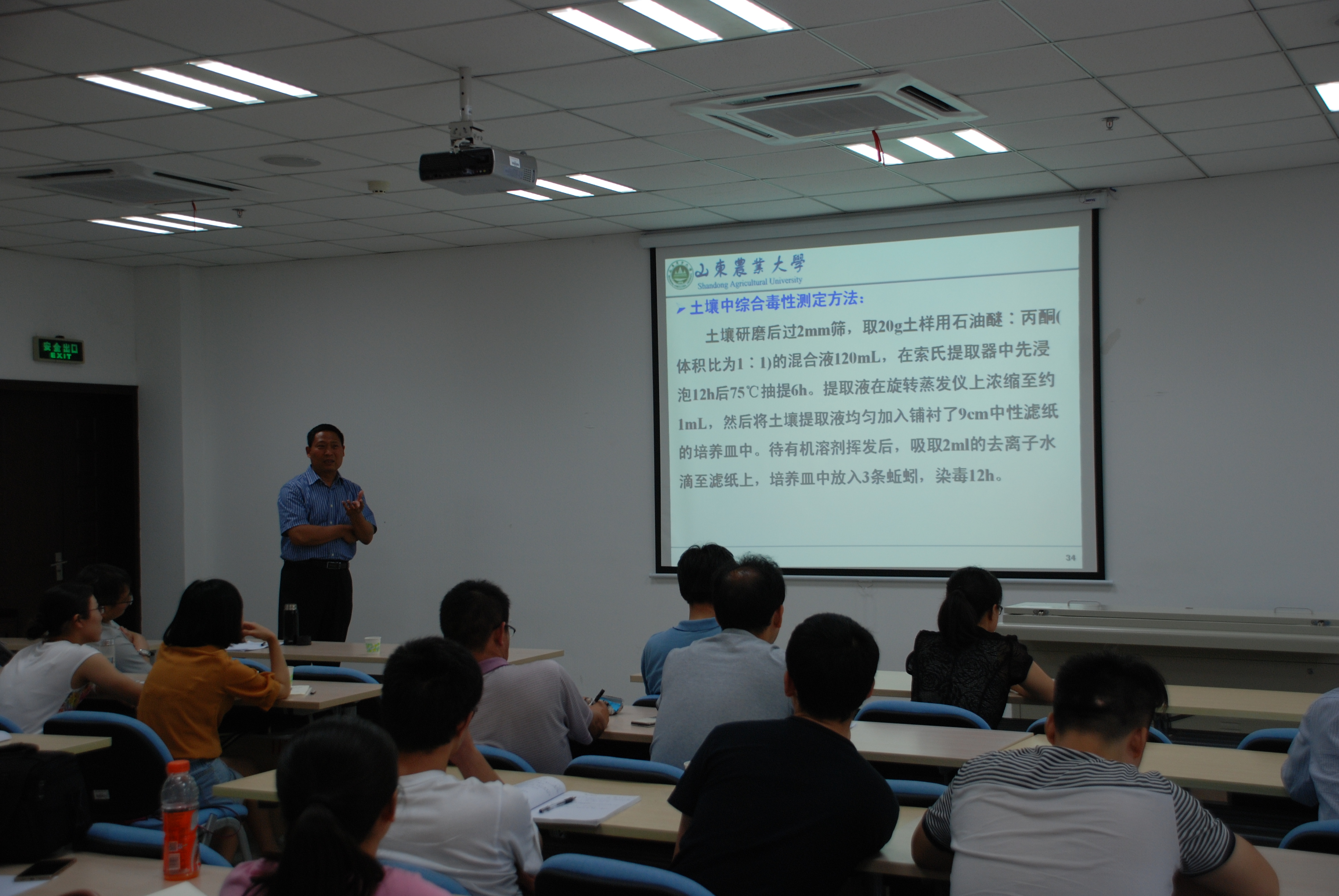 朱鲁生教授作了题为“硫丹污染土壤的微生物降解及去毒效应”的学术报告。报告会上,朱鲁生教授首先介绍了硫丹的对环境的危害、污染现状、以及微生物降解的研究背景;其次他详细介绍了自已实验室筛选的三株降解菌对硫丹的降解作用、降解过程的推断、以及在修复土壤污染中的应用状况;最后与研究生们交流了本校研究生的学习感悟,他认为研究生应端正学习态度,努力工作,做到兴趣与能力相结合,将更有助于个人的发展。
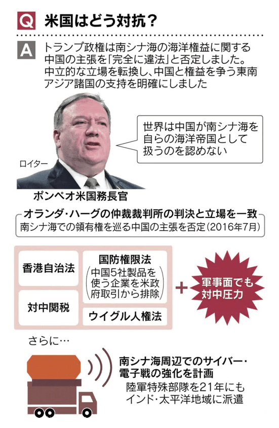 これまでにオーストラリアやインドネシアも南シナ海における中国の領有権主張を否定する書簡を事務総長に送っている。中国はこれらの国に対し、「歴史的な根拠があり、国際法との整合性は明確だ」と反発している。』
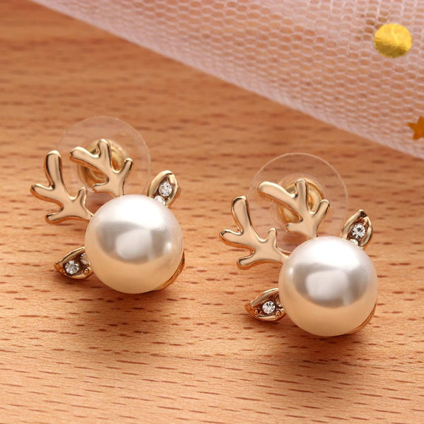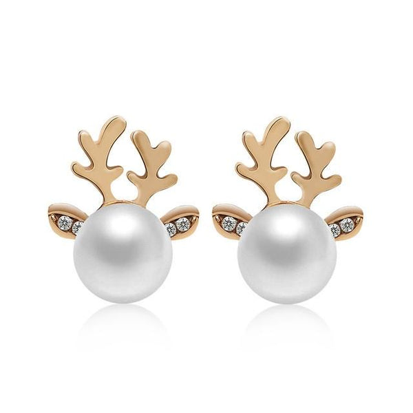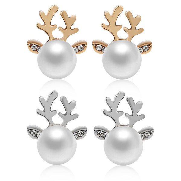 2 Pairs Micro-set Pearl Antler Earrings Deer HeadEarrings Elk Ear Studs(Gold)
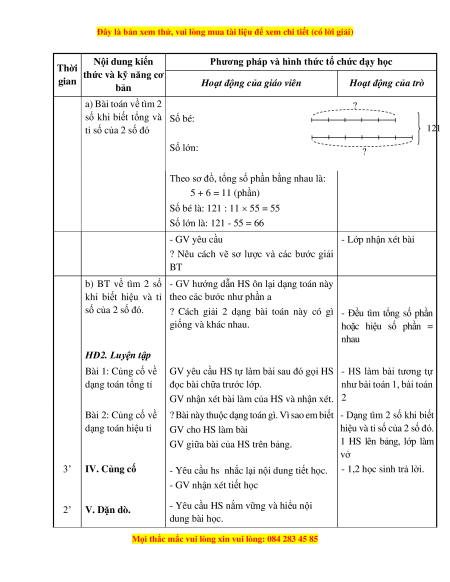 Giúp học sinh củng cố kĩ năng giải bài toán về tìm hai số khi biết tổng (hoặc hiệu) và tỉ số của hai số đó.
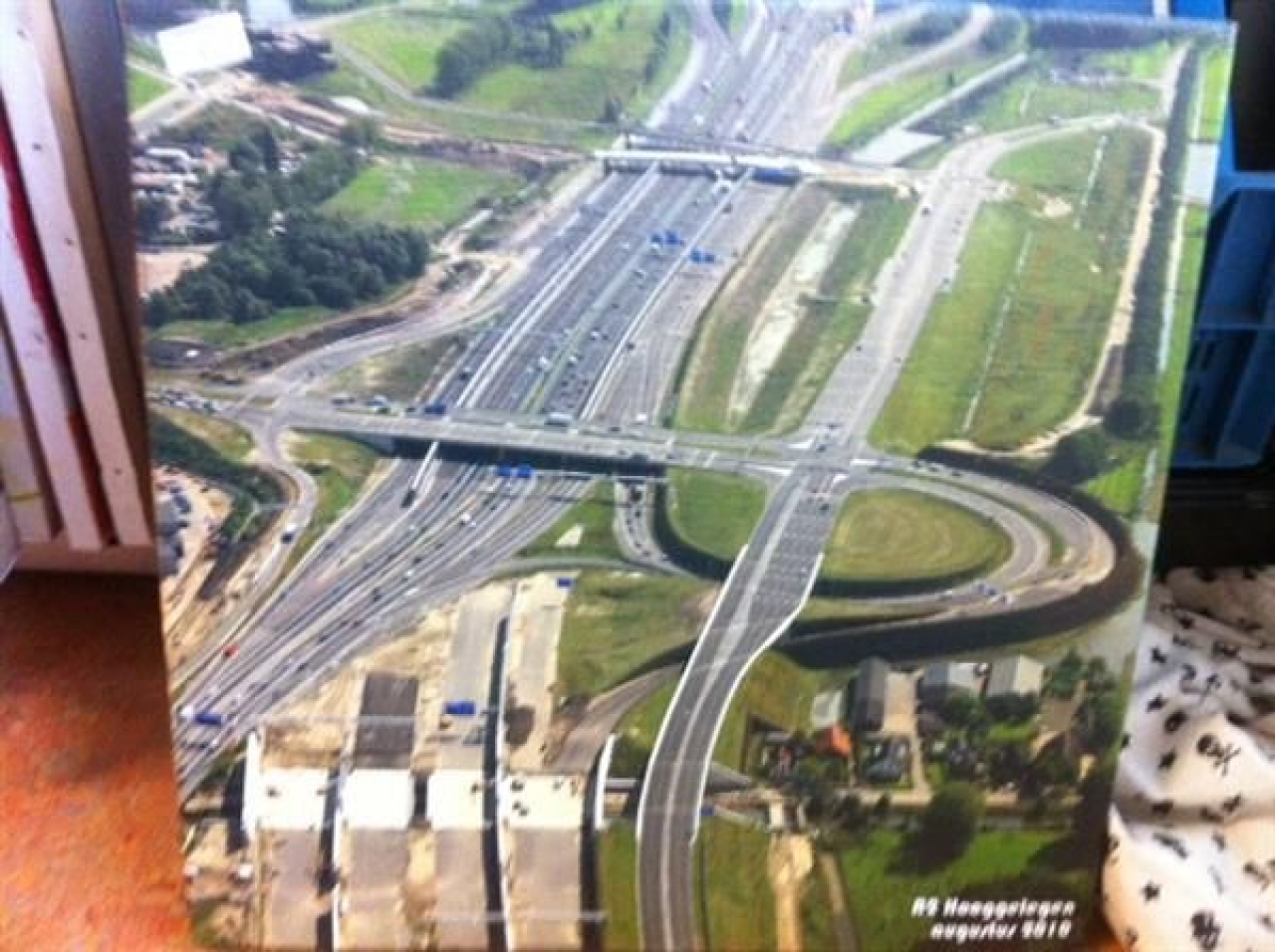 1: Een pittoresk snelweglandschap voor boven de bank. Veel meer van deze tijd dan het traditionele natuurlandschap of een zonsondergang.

...

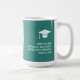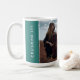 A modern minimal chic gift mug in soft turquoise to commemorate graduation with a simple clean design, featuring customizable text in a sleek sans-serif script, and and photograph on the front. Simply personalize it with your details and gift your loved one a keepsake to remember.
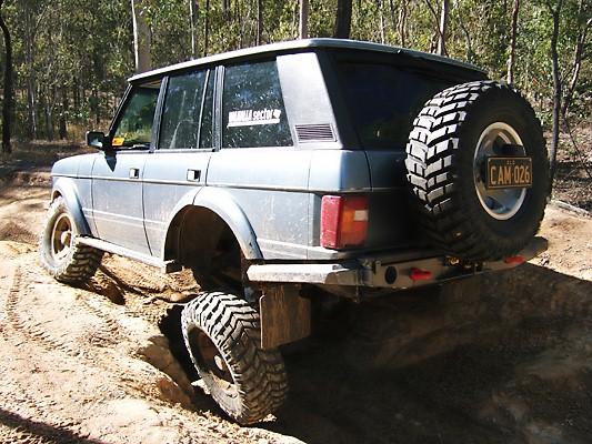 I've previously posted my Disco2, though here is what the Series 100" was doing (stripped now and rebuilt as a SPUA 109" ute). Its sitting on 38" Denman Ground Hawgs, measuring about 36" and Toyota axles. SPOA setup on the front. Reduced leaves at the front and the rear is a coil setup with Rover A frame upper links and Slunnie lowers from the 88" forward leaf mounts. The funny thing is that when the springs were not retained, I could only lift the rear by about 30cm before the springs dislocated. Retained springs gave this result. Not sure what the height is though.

--

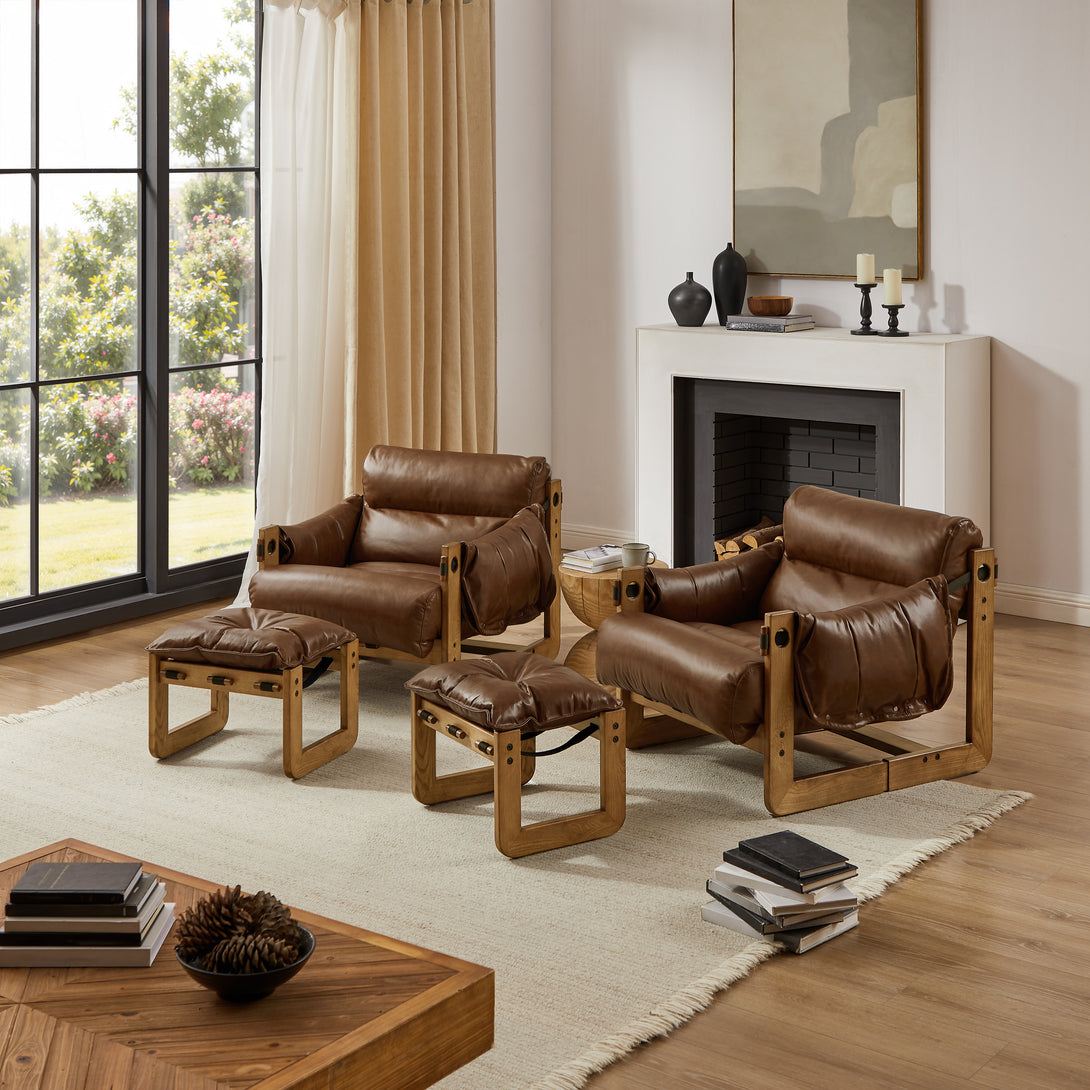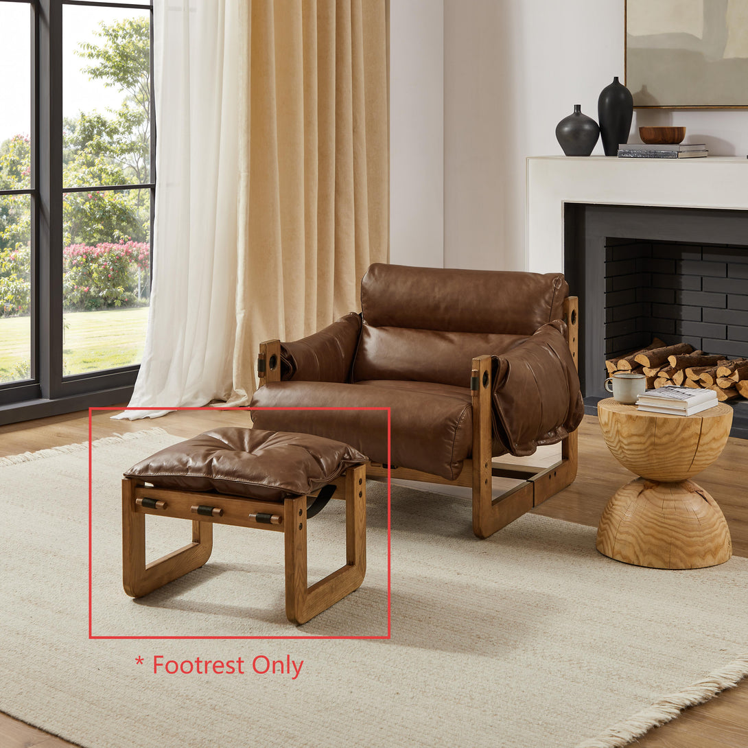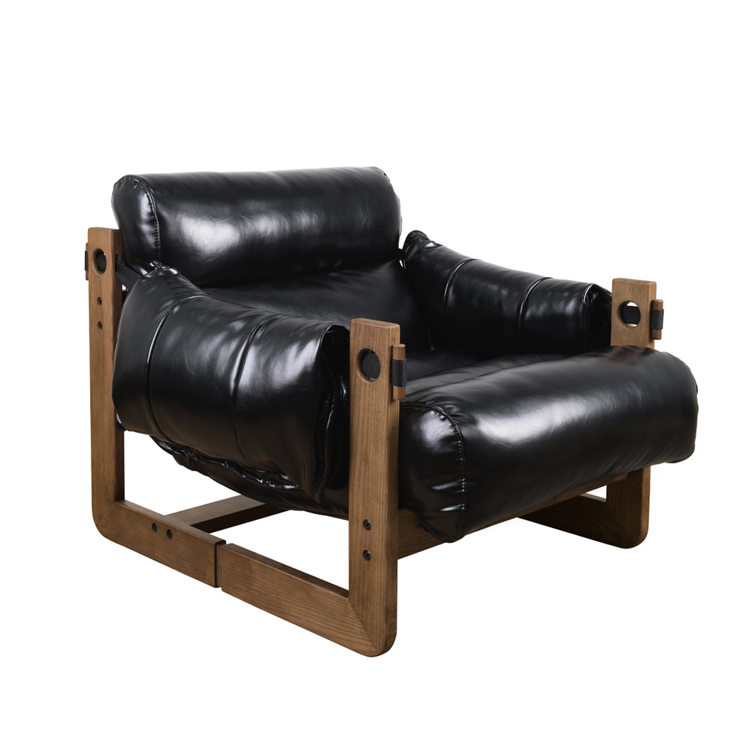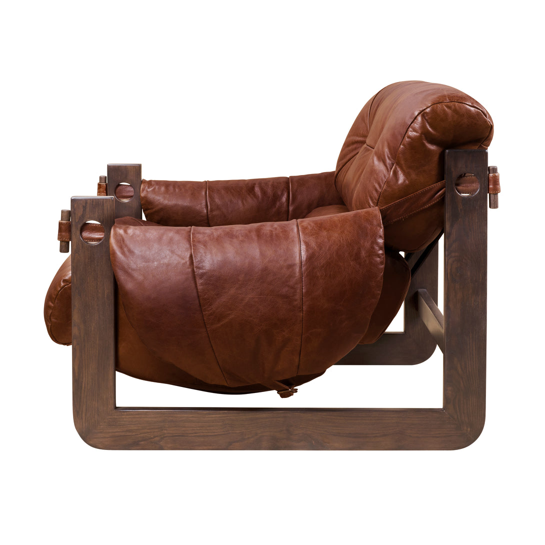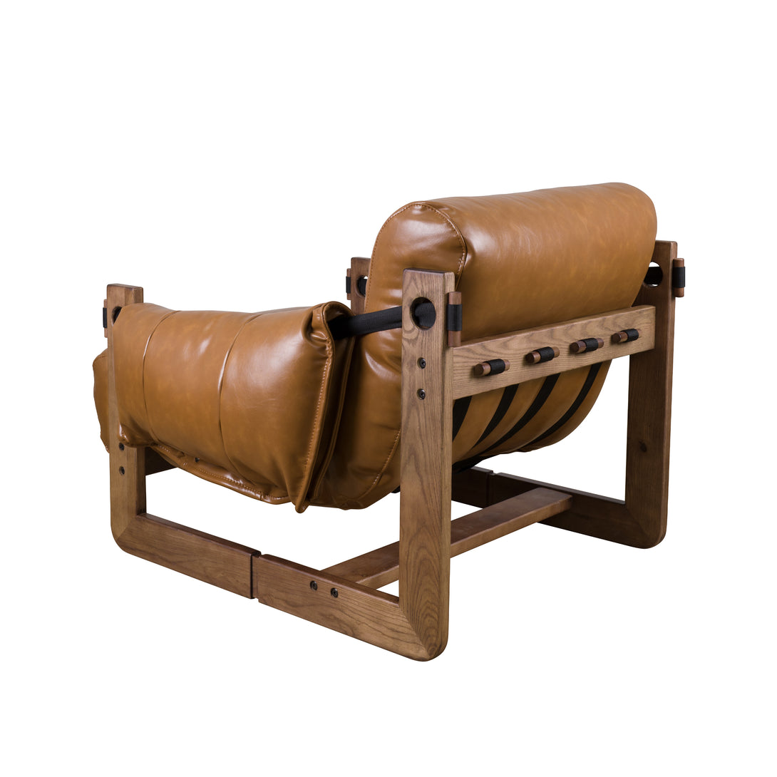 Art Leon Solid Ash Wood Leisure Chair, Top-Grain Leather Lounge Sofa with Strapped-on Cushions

_WHAT THIS TASK INVOLVES_
From the listing above, restate verbatim the lines running from the one with "2 Pairs Micro-set" through the one with "1: Een pittoresk", inclusive, but not the pictures.

_SOLUTION TO THE EXERCISE_
 2 Pairs Micro-set Pearl Antler Earrings Deer HeadEarrings Elk Ear Studs(Gold)
 Giúp học sinh củng cố kĩ năng giải bài toán về tìm hai số khi biết tổng (hoặc hiệu) và tỉ số của hai số đó.
 1: Een pittoresk snelweglandschap voor boven de bank. Veel meer van deze tijd dan het traditionele natuurlandschap of een zonsondergang.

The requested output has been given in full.